Exercise input:
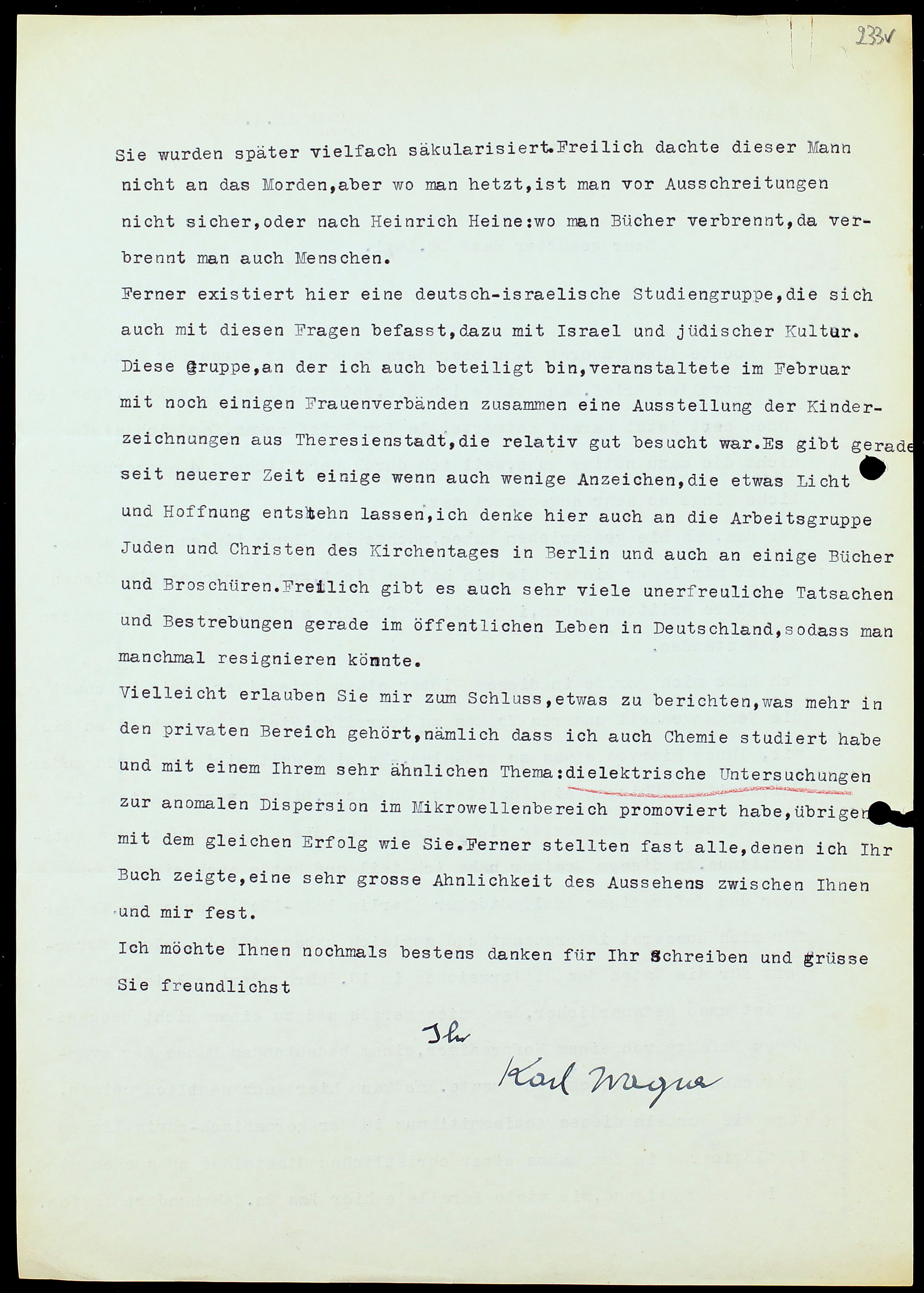 Vielleicht erlauben Sie mir zum Schluss, etwas zu berichten, was mehr in den privaten Bereich gehört, nämlich dass ich auch Chemie studiert habe und mit einem Ihrem sehr ähnlichen Thema: dielektrische Untersuchungen[8] zur anomalen Dispersion im Mikrowellenbereich promoviert habe, übrigen mit dem gleichen Erfolg wie Sie.[9] Ferner stellten fast alle, denen ich Ihr Buch zeigte, eine sehr grosse Ahnlichkeit des Aussehens zwischen Ihnen und mir fest.
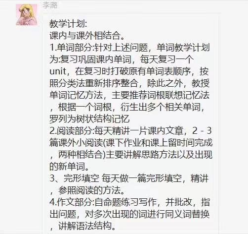 1.经初步了解,员工一英语基础较好,弱点集中在语法和写作方面。对此,我将教学重点放在基础语法以及写作训练方面,通过帮助员工构建课本知识框架,促进员工对史实的理解和辨别;同时,通过和员工一起研习练习题,加强员工基础语法知识学习。
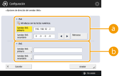 2 | Configure las opciones necesarias. En función del entorno, introduzca una dirección IP del servidor DNS. ![]() <IPv4>Pulse <Servidor DNS primario> e introduzca una dirección IPv4 del servidor DNS. Si hay un servidor DNS secundario, introduzca la dirección IP del mismo. Si no configura ningún servidor DNS secundario, introduzca "0.0.0.0". <IPv6>Pulse <Servidor DNS primario> e introduzca una dirección IPv6 del servidor DNS. No puede introducir direcciones que empiecen por "ff" (dirección multidifusión), direcciones que contengan únicamente ceros ni direcciones de enlaces locales. Si hay un servidor DNS secundario, introduzca la dirección IP. No podrá introducir direcciones que empiecen por "ff" (dirección multidifusión), direcciones que contengan únicamente "0" o direcciones de enlaces locales. Esta columna se puede dejar en blanco. |
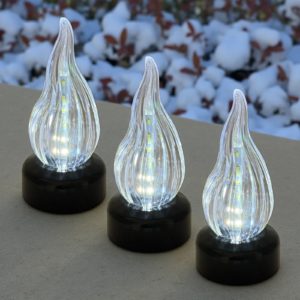 ✔ realistyczny efekt płomienia ✔ energooszczędna dioda LED ✔ elegancka srebrna podstawa ✔ barwa zimna – nowoczesny wygląd ✔ długi czas świecenia (w zależności od baterii) ✔ idealny do zniczy całorocznych i świątecznych | Świeca LED – Biała, Potrójny Płomień 18 cm
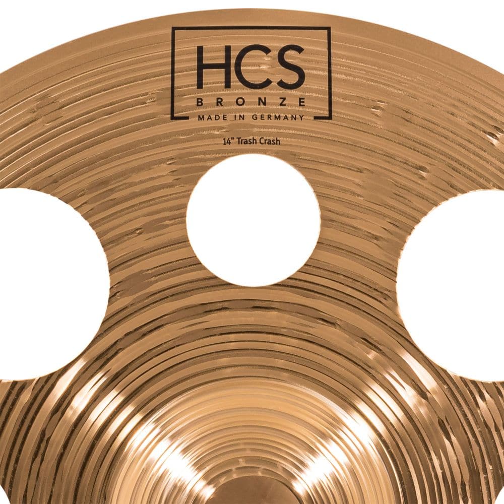 | Trashy sound effects - the HCS bronze 14 trash crash features hole cut-outs that give the cymbal a trashy effect with a shorter sustain - great for energetic bursts of sound and stacking by placing directly on top of or underneath any cymbal | |
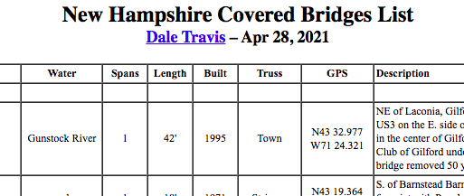 Use these handy checklists to track your journey across the Granite State! One is organized alphabetically by town, the other by the official bridge numbers assigned by the State of New Hampshire.
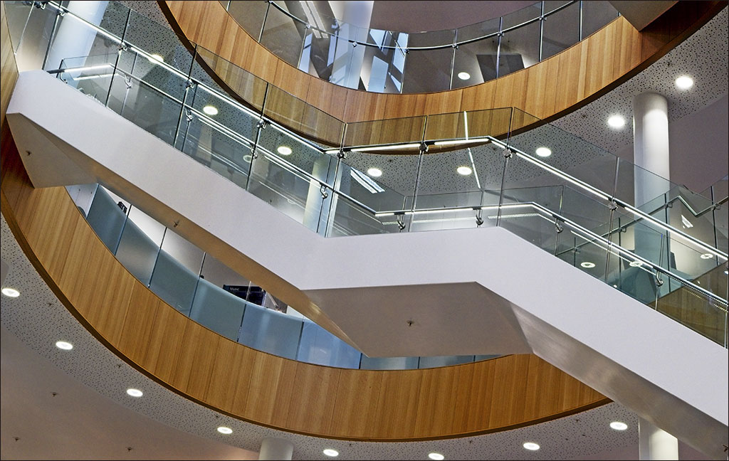 I always enjoy your shots of stairs and balconies and so on, and I think that this is one that most people wouldn't notice. I like the contrasting lines and curves. I would like to see the shapes above the top curve somewhat darker, so that they don't attract my eye so much. |
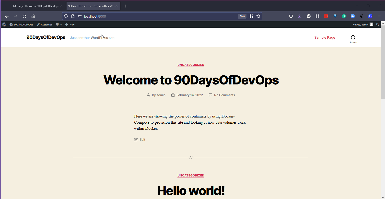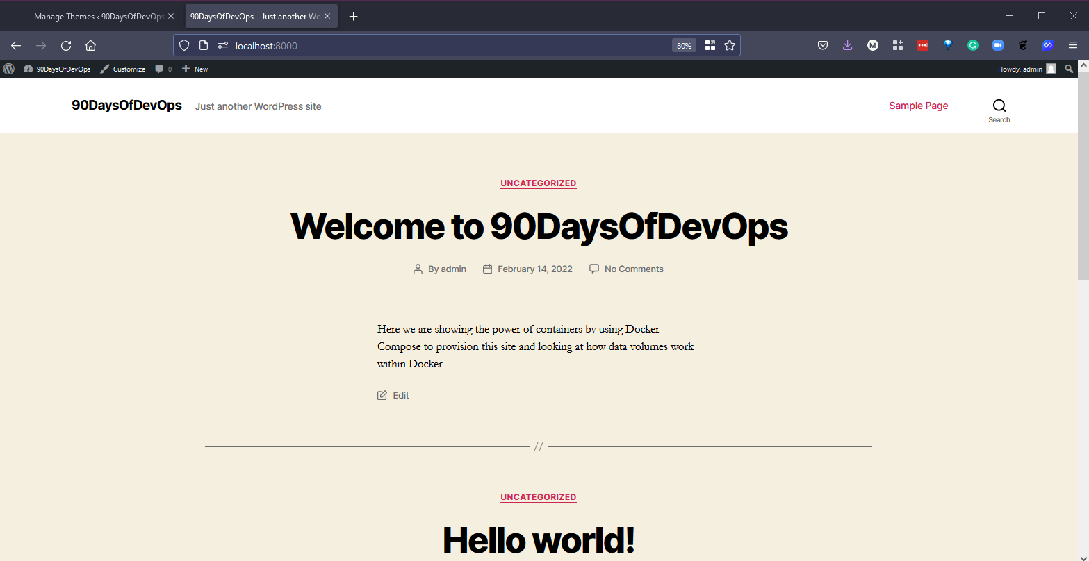 Sau đó, chúng ta truy cập tới cùng một địa chỉ http://localhost:8000 và nhận thấy rằng bài đăng mới và thay đổi về theme vẫn còn nguyên.
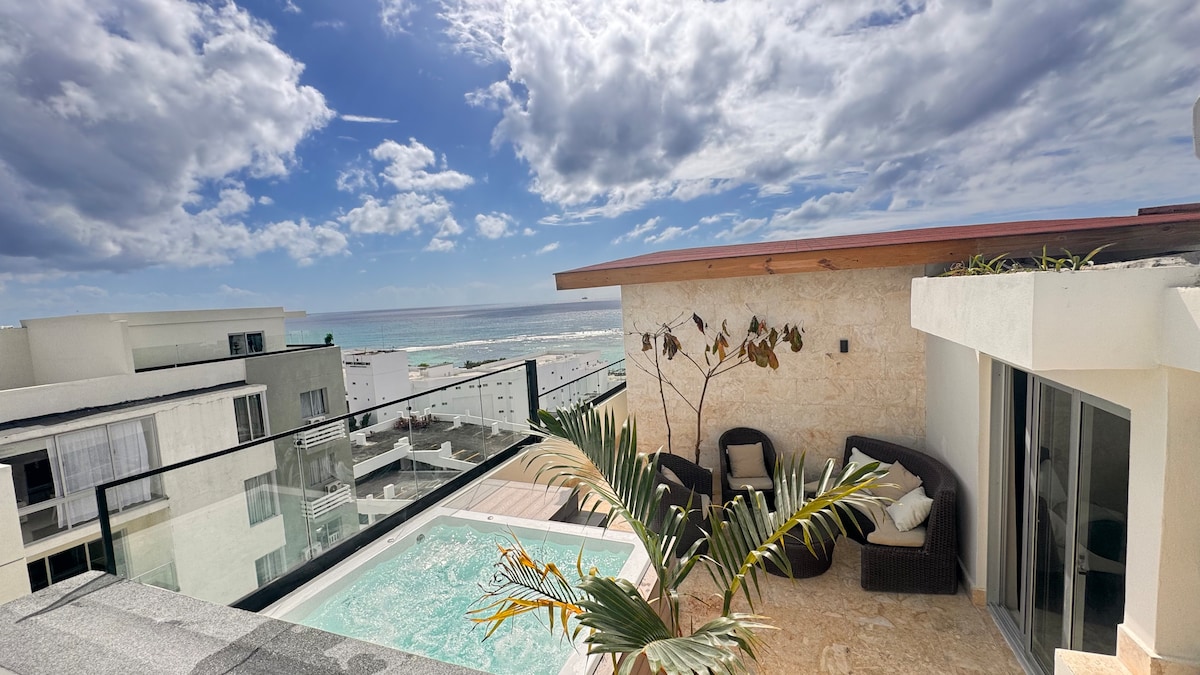 市内にあるジャグジー付きの豪華な2ベッドルームペントハウス。
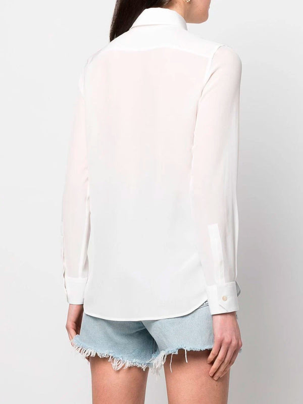 Labels like Valentino or Victoria Beckham explore a side of the women’s shirt as a romantic symbol. Their delicate, elegant designs explore the utmost expression of modern femininity. The different bows and lapels further reinforce their poetic notions of the shirt.
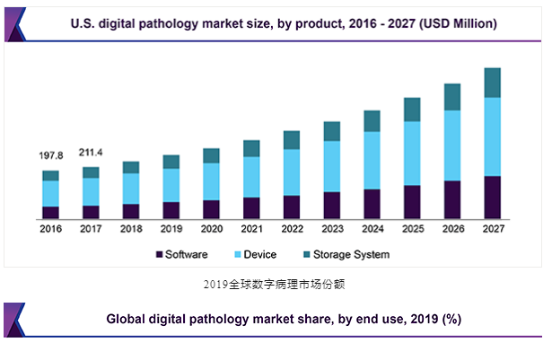 據(jù)2020年世界病理學(xué)大會(huì)報(bào)告,預(yù)計(jì)到2024年,病理學(xué)市場(chǎng)規(guī)模將從2019年的303億美元達(dá)到444億美元,從2019年到2024年的復(fù)合年增長(zhǎng)率為6.1%。據(jù)GrandViewResearch預(yù)測(cè),2019年全球數(shù)字病理學(xué)市場(chǎng)規(guī)模為7.676億美元,預(yù)計(jì)到2027復(fù)合年增長(zhǎng)率為11.8%。根據(jù)最終用途,醫(yī)院在2019年占據(jù)了領(lǐng)先的市場(chǎng)份額。醫(yī)院采用數(shù)字掃描技術(shù)以加快診斷速度并提高患者依從性。就收入而言,2019年北美市場(chǎng)份額最大。
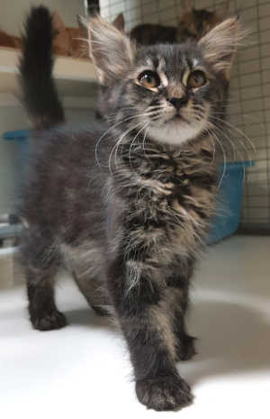 This female domestic medium hair mix kitten has a gray tabby and black coat and gold eyes.
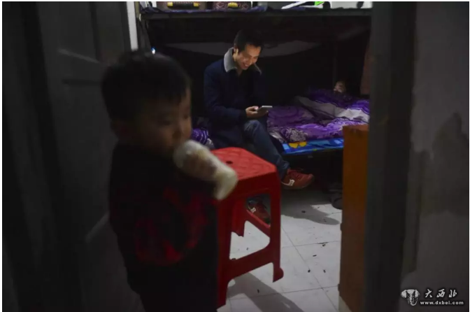 1月31日,在福建省石狮市金利莱斯服装厂工人宿舍,聪聪的父母黄海龙(中)、黄爱华忙碌了一天正在休息,聪聪在宿舍门口喝奶。
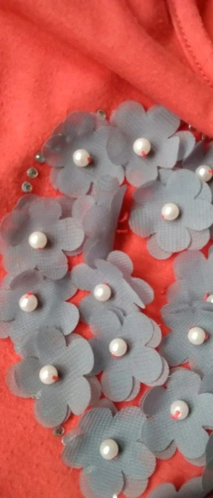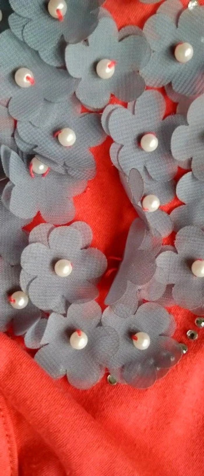 Tee-shirt cœur fleurs et perle corail femme 38 cache cache - photo numéro 10
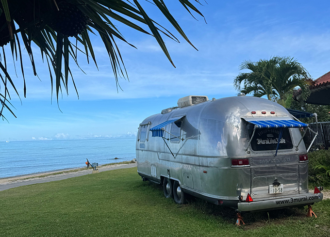 沖縄本島・読谷村(よみたんそん)のビーチに出没する、エアストリームの理容室『3MuraiLife&3Cafe(サムライライフアンドミカフェ)』。運営しているのは、名古屋出身の梶田貴伸(かじたたかのぶ)さんです。20代は異業種で働いていたそうですが、オーストラリアで暮らした期間に大自然に魅せられ、帰国後は「手に職をつけて現地に戻りたい」と、33歳で理容師に転身。そして、いよいよオーストラリアへ…というタイミングで、なぜか「沖縄」に導かれたそうです。家族で沖縄に移住し、今年13年目を迎えた梶田さん。紆余曲折のあったこれまでの道のりと、夢の叶え方について取材しました。

To do:
The response must match the data line for line, from its first line through the line with "1.经初步了解,员工一英语基", inclusive, and must leave out the pictures.

Solution:
 Vielleicht erlauben Sie mir zum Schluss, etwas zu berichten, was mehr in den privaten Bereich gehört, nämlich dass ich auch Chemie studiert habe und mit einem Ihrem sehr ähnlichen Thema: dielektrische Untersuchungen[8] zur anomalen Dispersion im Mikrowellenbereich promoviert habe, übrigen mit dem gleichen Erfolg wie Sie.[9] Ferner stellten fast alle, denen ich Ihr Buch zeigte, eine sehr grosse Ahnlichkeit des Aussehens zwischen Ihnen und mir fest.
 1.经初步了解,员工一英语基础较好,弱点集中在语法和写作方面。对此,我将教学重点放在基础语法以及写作训练方面,通过帮助员工构建课本知识框架,促进员工对史实的理解和辨别;同时,通过和员工一起研习练习题,加强员工基础语法知识学习。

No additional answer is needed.